Ser mulher é enfrentar diariamente a insegurança e o medo de que algo aconteça apenas pela questão de gênero. Essa batalha cotidiana inclui o simples ato de se locomover pela cidade. No Distrito Federal, elas sofrem com a importunação sexual nos transportes públicos e essas situações não são por acaso. Estão ligadas diretamente com a forma como os meninos crescem e são educados. Mesmo diante de uma sociedade com diversos avanços, esta é apenas uma das sequelas do machismo estrutural que permeia o cotidiano.
Ao ser questionada pelo Correio, a Secretaria de Transporte e Mobilidade do DF (Semob) informou que trabalha com campanhas educativas para combater o assédio sexual dentro dos ônibus. A pasta esclareceu que os motoristas e cobradores são orientados a, caso presencie o ato, conversar com a vítima para que ela faça o registro da ocorrência. Se a vítima procurar relatar o crime ao motorista, o mesmo deve acionar a autoridade policial.

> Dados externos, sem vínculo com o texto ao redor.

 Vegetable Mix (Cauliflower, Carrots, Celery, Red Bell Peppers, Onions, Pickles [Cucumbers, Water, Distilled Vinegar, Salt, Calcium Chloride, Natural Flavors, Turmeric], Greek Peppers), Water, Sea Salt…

O órgão acrescentou que, desde 2019, por meio das portarias 96/219 e 170/2020, as empresas de ônibus estão obrigadas a encaminhar as imagens gravadas de crime ocorrido dentro dos coletivos a uma delegacia de polícia, no prazo de 24 horas, a contar do momento em que ocorreu o fato. A medida tem o objetivo de facilitar o trabalho da Polícia Civil nas investigações criminais e inibir a prática de assédio sexual. As imagens podem servir de provas nas investigações e condenações dos criminosos.

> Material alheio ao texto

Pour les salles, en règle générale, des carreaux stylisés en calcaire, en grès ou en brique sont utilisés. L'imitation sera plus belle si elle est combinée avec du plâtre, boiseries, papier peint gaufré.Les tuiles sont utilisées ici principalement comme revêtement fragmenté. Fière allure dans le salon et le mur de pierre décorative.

Em nota, o Metrô-DF alertou que, em caso de importunação sexual, a orientação é que a vítima procure imediatamente um segurança ou qualquer agente de estação. Esses servidores são treinados para acolher a mulher, identificar o suspeito e encaminhar aos órgãos competentes, para as devidas providências legais.
A estudante Mylena Rodrigues, 25 anos, testemunhou a ação positiva de um motorista de ônibus. "Eu estava em um ônibus que ia de Taguatinga para o Gama, e uma menina que estava sentada lá atrás levantou e saiu gritando que o cara sentado do lado dela colocou o órgão sexual pra fora e falou pra ela olhar. Ela estava extremamente nervosa e o cara ficou negando, gritando e batendo na porta, pedindo pra descer. O motorista travou todas as portas e não deixou ninguém descer e foi direto para a delegacia do Gama. Chegando, os policiais cercaram as portas e só então o motorista abriu. Então o homem desceu e foi pra delegacia", relatou.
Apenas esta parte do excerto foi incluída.